Tuesday, April 9, 2019

The Tale of the iMac

Joan's iMac turned ten years old in 2018, and early this year we decided it was finally time to upgrade from Snow Leopard (OS X 10.6) to El Capitan, (10.11), the last macOS release that supports this generation of iMacs. An old operating system meant old versions of apps, which meant more and more web pages and other features just didn't work any more.
The 24" iMac of 2008.
After the upgrade, the computer was incredibly slow. Painfully slow. I tried various remedies suggested on the internet, but to no effect.

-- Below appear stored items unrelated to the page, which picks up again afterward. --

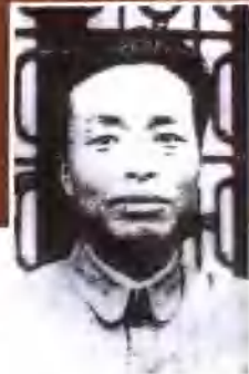
八路军129师原政委 张浩将军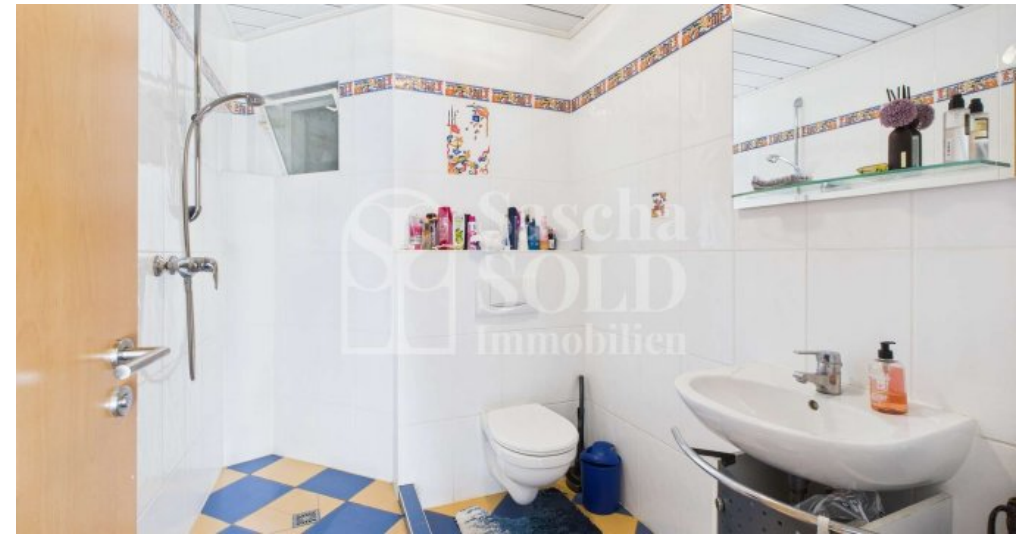
UG - Gäste-Bad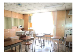
【校内サポートルーム】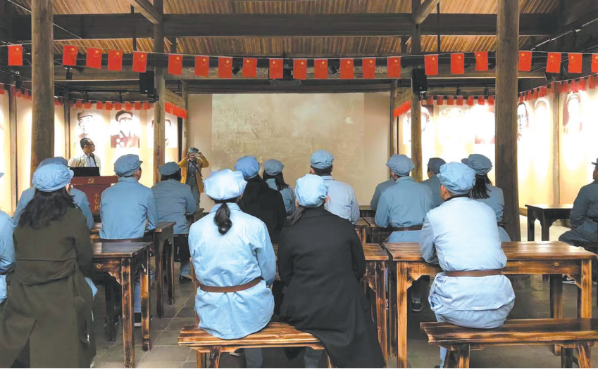
抚州市直文博系统在红色教育基地金溪后龚接受革命传统教育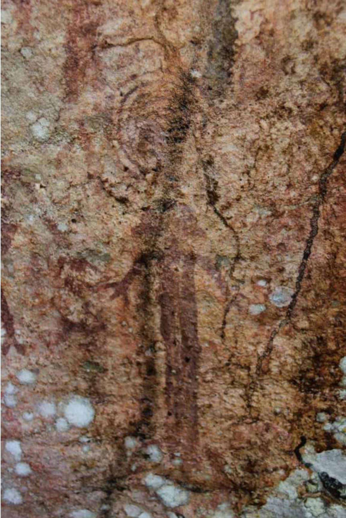
រូបលេខ៣ គំនូរមនុស្ស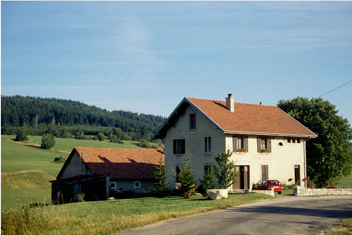
La fromagerie de Désertin, sur la commune des Bouchoux.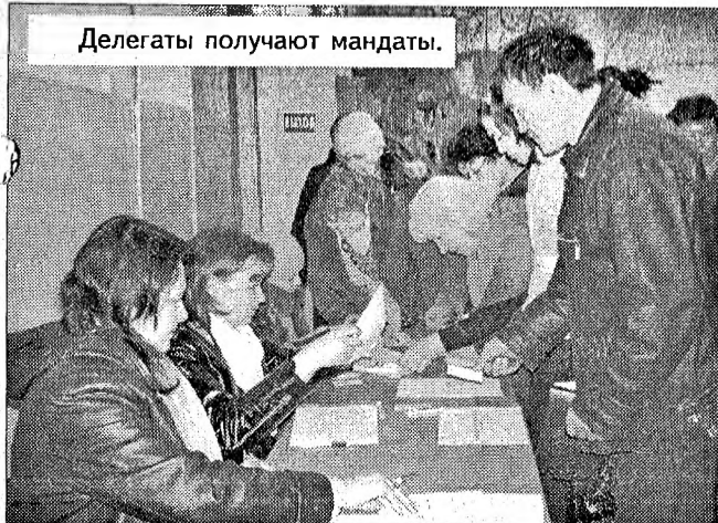
Делегаты получают мандаты.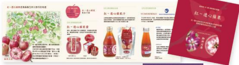
成果物: 中国語版パンフレット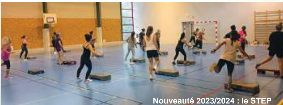
Nouveauté 2023/2024 : le STEP

Nous vous souhaitons une année active et sportive. Pour tout renseignement, n'hésitez pas à nous contacter par mail sportsaucanton@gmail.com ou par téléphone au 06 76 60 50 09. Vous pouvez également nous rejoindre sur notre page Facebook.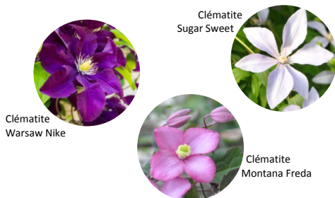
Clématite Warsaw Nike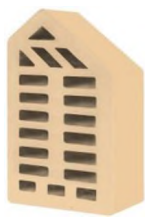
Цвет: Слоновая кость Рельеф: Гладкий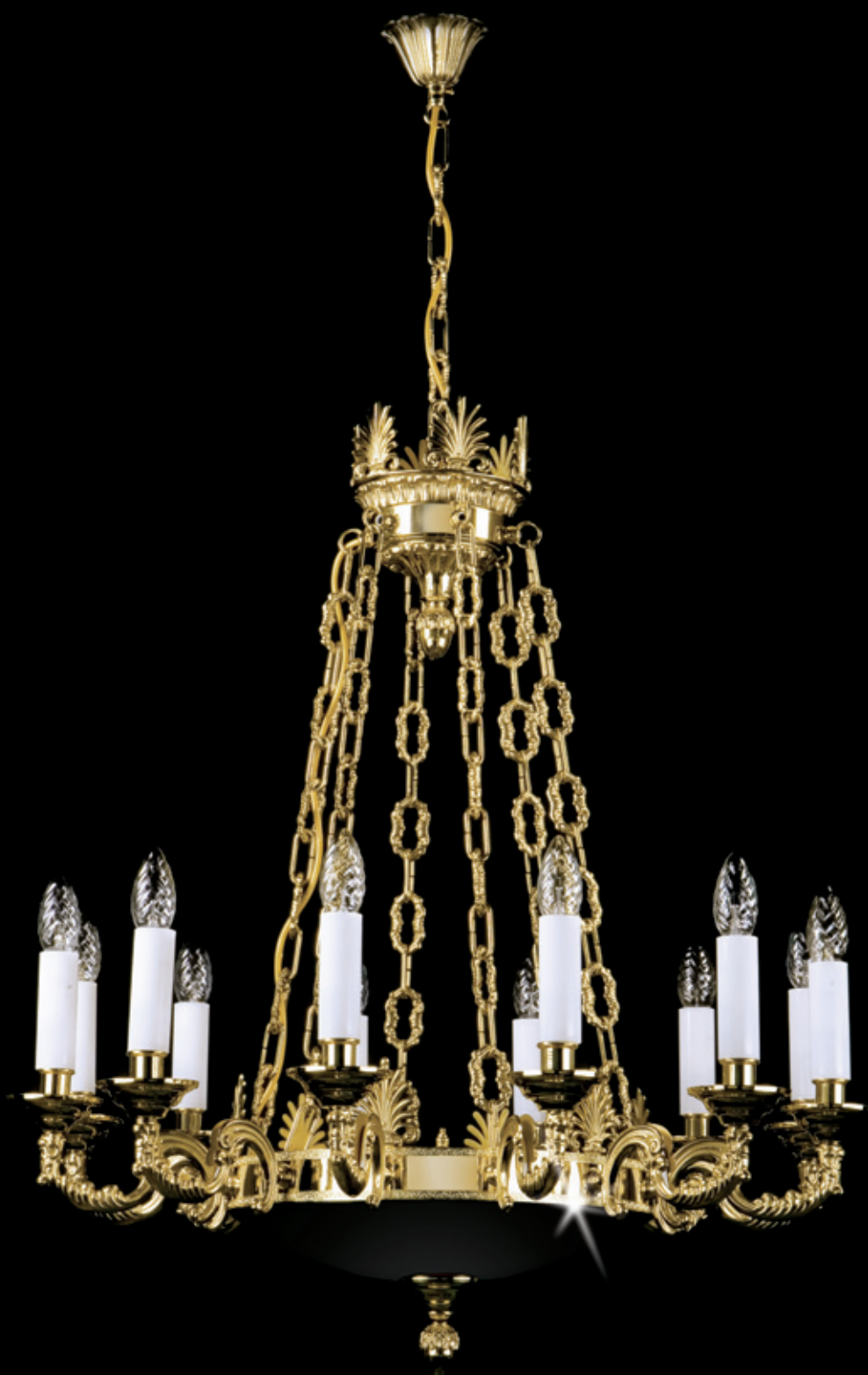
EGONA 730x800 mm 12x40 W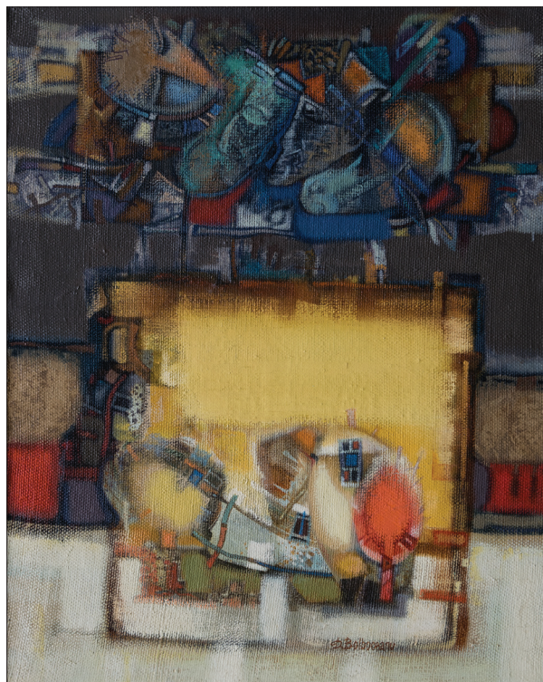
Amintiri , 1996, u. p., 100 × 80 cm.

Creația ultimului deceniu al secolului al XX-lea se încununează cu un șir de lucrări în care artistul își definitivează principiile și particularitățile de constituire morfologică a formei, modalitățile de orchestrare sintactică a imaginii, consolidându-și totodată fațeta stilistică. Reprezentative pentru această perioadă de avânt experimental sunt tablourile Natură statică (1993), Natură statică (1998), Moara veche (1995), Noapte cu lună (1999). Fiind realizate la distanță de câțiva ani una de alta, lucrările respective oglindesc plenar evoluția preferințelor iconografice ale artistului, or, modalitățile de abordare a motivelor, a planului, a spațiului tabloului, evoluează spre complexitate structurală. Așa, dacă în Natură statică realizată în anul 1993, expresia estetică și, în paralel, conotațiile imaginii, sunt generate de modul de amplasare rați-

Typically a large slowdown indicates that the hard drive is starting to fail, but the coincidence of it happening simultaneously with the upgrade left us uncertain. Still, at ten years old, it was beyond time to replace the original hard drive, so we decided to replace the old spinning-disk hard drive with an SSD (Solid State Device) -- no moving parts to fail. Plus that would also help the speed issue ... maybe.

After two months of procrastination, waiting for a slack time in use of the computer, I took the iMac to The Computer Store on a Monday afternoon. It received a fresh install of El Capitan, a 500GB SSD drive transplant (a non-trivial operation on a machine built before SSDs were around), and our old apps were all copied over. In many cases our app versions were frozen: they were so old that the usual upgrade paths weren't available any more, but the new apps in the Apple App Store wanted a later version of OS X than El Capitan. "Pages," the word-processing part of iWork '08, was a prime example of this. No upgrade path, and the program in the App Store wanted OS X 10.13 or higher! All the old programs were copied to the SSD for us.

We got a call late Wednesday afternoon that it was ready. Apprehensive but hopeful, I picked it up Thursday and we turned it on. Wonderfully improved; Joan took some timings:

The right-hand column is the speed-up factor.
I can definitely recommend The Computer Store. Thanks, Saed and James!